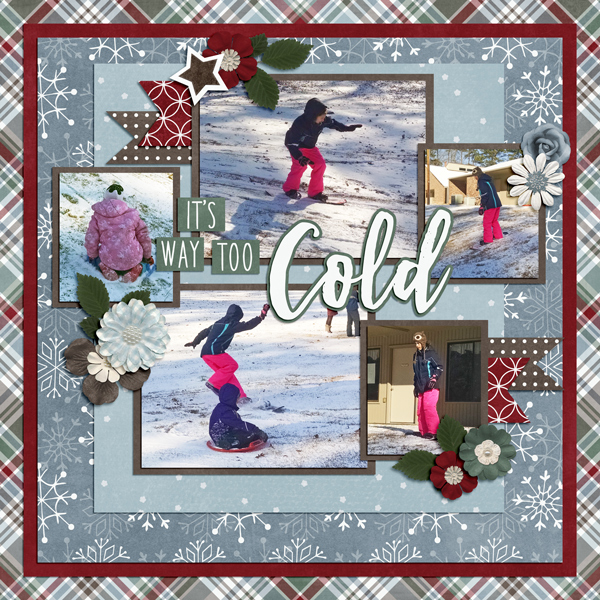 In between handing out doses of medicine, rolling on essential oils, and pouring glass upon glass of juice, I did a little scrapbooking! I’m enjoying taking some time to scrap photos from my childhood and family history. The snow pictures are from the previous week when we got just a light coating of ice. Enough to enjoy a little sledding/snowboarding for a few hours!
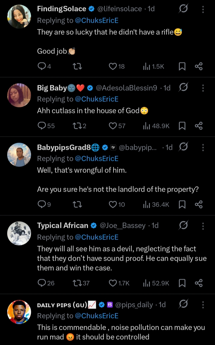 The event has sparked widespread reactions online, with Nigerians condemning the man’s actions and emphasizing the need for peaceful resolution of disputes. Some commentators noted that while residents have a right to peace and quiet, resorting to violence and wielding a weapon is unacceptable.
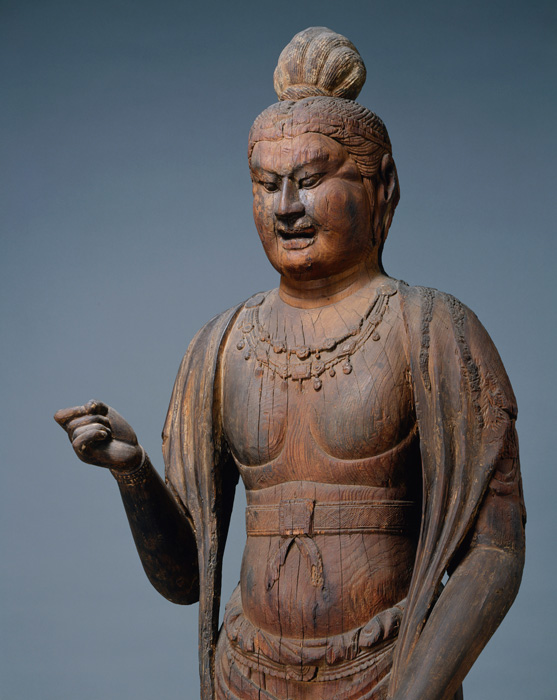 大安寺本堂の秘仏本尊。頭部は後補であるが、均整のとれた体部の造形は奈良時代彫像の特徴を示す。着衣や装身具が精緻に彫り出されており、中国・唐の仏像の影響が強い。
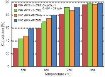 Catalytic performance study toward CO2-reforming of CH4 effect of ZrO2 precursoron feed conversion at different temperatures Feed (CH4 and CO2) conversion of the synthesized nanocatalysts was recorded at constant molar feed ratio, GHSV equal 24 l/gcat and temperature range of 550 to 850 ºC and obtained results are depicted in Figure 6. Diagrams obviously present that ascending temperature enhances the feed conversion for all samples which is related to the endothermic nature of DRM. Moreover, it was found NCAMZ-ZNS represent the better catalytic performance (XCH4=98% and XCO2=97.8% at 850 ºC) compared with the NCAMZ-ZNH. The superior performance of NCAMZ-ZNS is related to its excellent characterization such as smaller particle size, uniform dispersion and higher surface area. Furthermore, feed conversion increase at the higher range of evaluated temperatures is less than lower parts. For example, CH4 conversion for NCAMZ-ZNS at 850 ºC is 98% which is 6.48% better than 750 ºC while the improvement of the conversion for 650ºC and 550 ºC is 26.40%. This trend might derive of variable effect of side reactions at different temperatures and approaching to the equilibrium conversion. Moreover, for both nanocatalysts, CH4/CO2 is less than unit and this ratio increases as reaction temperature rises. This observation might be associated to the occurrence of the side reactions such as RWGS which are affected by reaction temperature and will be discussed in next section.

* EXERCISE DESCRIPTION *
Give the listing again word for word. Skip any pictures.

* RESPONSE TO THIS TASK *
 In between handing out doses of medicine, rolling on essential oils, and pouring glass upon glass of juice, I did a little scrapbooking! I’m enjoying taking some time to scrap photos from my childhood and family history. The snow pictures are from the previous week when we got just a light coating of ice. Enough to enjoy a little sledding/snowboarding for a few hours!
 The event has sparked widespread reactions online, with Nigerians condemning the man’s actions and emphasizing the need for peaceful resolution of disputes. Some commentators noted that while residents have a right to peace and quiet, resorting to violence and wielding a weapon is unacceptable.
 大安寺本堂の秘仏本尊。頭部は後補であるが、均整のとれた体部の造形は奈良時代彫像の特徴を示す。着衣や装身具が精緻に彫り出されており、中国・唐の仏像の影響が強い。
 Catalytic performance study toward CO2-reforming of CH4 effect of ZrO2 precursoron feed conversion at different temperatures Feed (CH4 and CO2) conversion of the synthesized nanocatalysts was recorded at constant molar feed ratio, GHSV equal 24 l/gcat and temperature range of 550 to 850 ºC and obtained results are depicted in Figure 6. Diagrams obviously present that ascending temperature enhances the feed conversion for all samples which is related to the endothermic nature of DRM. Moreover, it was found NCAMZ-ZNS represent the better catalytic performance (XCH4=98% and XCO2=97.8% at 850 ºC) compared with the NCAMZ-ZNH. The superior performance of NCAMZ-ZNS is related to its excellent characterization such as smaller particle size, uniform dispersion and higher surface area. Furthermore, feed conversion increase at the higher range of evaluated temperatures is less than lower parts. For example, CH4 conversion for NCAMZ-ZNS at 850 ºC is 98% which is 6.48% better than 750 ºC while the improvement of the conversion for 650ºC and 550 ºC is 26.40%. This trend might derive of variable effect of side reactions at different temperatures and approaching to the equilibrium conversion. Moreover, for both nanocatalysts, CH4/CO2 is less than unit and this ratio increases as reaction temperature rises. This observation might be associated to the occurrence of the side reactions such as RWGS which are affected by reaction temperature and will be discussed in next section.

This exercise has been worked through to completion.